Tobias Levkovich, Citigroup
Confidence in future earnings growth is near nonexistent based on our analysis and is closing in to near the lows seen over the past 40 years. In this sense, credit conditions and disappointment with policies thus far are trumping the various fiscal and monetary stimuli. Indeed, 99% of NYSE stocks are at or below their 200-day moving averages. While we maintain our overweight views on the Insurance, Semiconductor, Retailing, Transportation and Diversified Financials industry groups, we are continuing to underweight Utilities, Household & Personal Products, Food, Beverage & Tobacco as well as Autos, to name a few.

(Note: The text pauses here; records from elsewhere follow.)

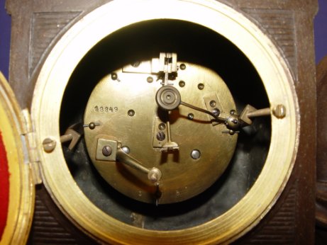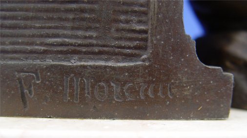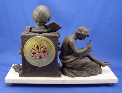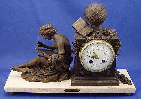 FRENCH FIGURAL CLOCK AFTER F. MOREAU: Mounted on a marble plinth the clock id surmounted by books, a globe and rose garland. A separate figure of a scholar sits net to the clock. Made in France. The dial has hand painted floral swags with restored wear at the key hole. 8 day time and strike, in good working order. 11 1/2''h. x 10'' x 5 1/4''.
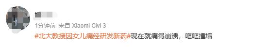 北京大学肖瑞平教授透露,她的女儿就因此备受痛经的折磨,有时候吃6片止痛片都没用。为此,她开始研究这方面的课题,目前一款副作用更小的新药正在进行二期临床试验,并得到了我国药监局突破疗法的认证。
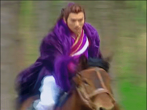 那个年代但凡是以古装出圈的男演员,基本上都能在马背上展现自己的风姿,赵鸿飞在《君子好逑》里骑着一匹性子极野的马驰骋在丛林里,侠气冲天。
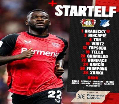 勒沃库森vs霍芬海姆首发:维尔茨、扎卡先发博尼法斯出战

While defensive groups have generally fared better under the intense market pressures year to date, we suspect that it is too late to hide in often high expectations and unattractively valued areas. After having been negative on this sector for most of 2008 and market weight for the past few months, the group looks washed out on earnings expectations and valuation is attractive using our analysis. Moreover, Energy typically outperforms from February through September. Not all signals are positive, but evidence suggests that this higher beta group can perform well during a market rally and is no longer likely to disappoint investors significantly. As a result, we are adding Marathon Oil (MRO) and EOG Resources (EOG) to Citi's Recommended List.
Prices for some commodities such as copper have firmed and are being seen as an indication of economic potential, especially in China. However, Citi's Asian strategists seem less than convinced as the Chinese PMI numbers may reflect business optimism that is inconsistent with export trends and port shipment data, not to mention demands for input price cuts from suppliers by producers.